If humidity is the problem, why were only the red wines affected?


----------



## Rocky (Jun 29, 2011)

Rob, a couple other questions: 


- Which are your corks, natural or synthetic?
- Did you do anything to the cork before inserting, e.g. soaking in hot water or boiling water?
- Are your bottles new wine bottles or _formerly corked bottles_, not _screw top bottles?_
- Did you use a #8 instead of a #9 cork perchance?


From what you originally wrote, I am assuming that there is no mold on the white wines, correct?


----------



## Waldo (Jun 30, 2011)

Rocky said:


> If humidity is the problem, why were only the red wines affected?

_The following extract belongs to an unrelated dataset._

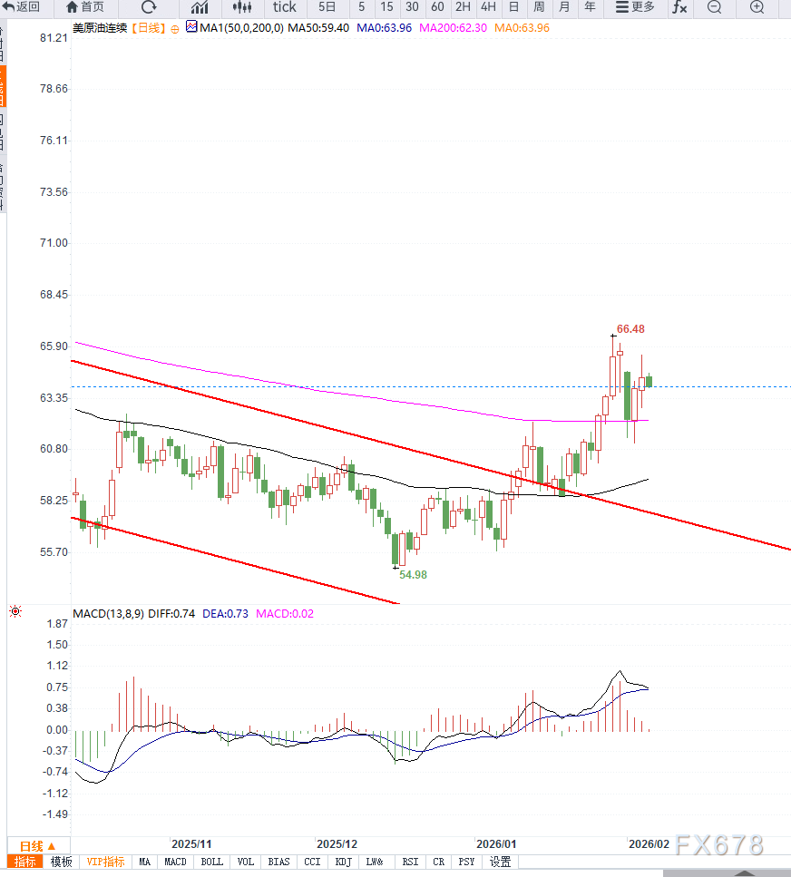 若该支撑维持有效,油价大概率延续区间整理;反之,一旦日线级别有效跌破,技术面或进一步打开向下调整空间。上方阻力则集中于前期高点66美元附近,在缺乏新的基本面利多刺激前,突破难度依然较大。

If I read the post correctly I understood that the reds had been stored there for quite some time which could possibly account for only the reds showing signs of mold. Too many unknowns right now to really say what the problem may be but I love guessing


----------



## Rocky (Jun 30, 2011)

I know what you mean, Waldo. I really get curious when presented a problem and I really want to know the answer. Not sure what happended to Rob, but he has not responded to any questions. Looking back over his note, I am not sure it is even homemade wine. 


I would also like to know what kind of ventilation the room has.My latest guess is Col. Mustard, in the Library with the rope!


----------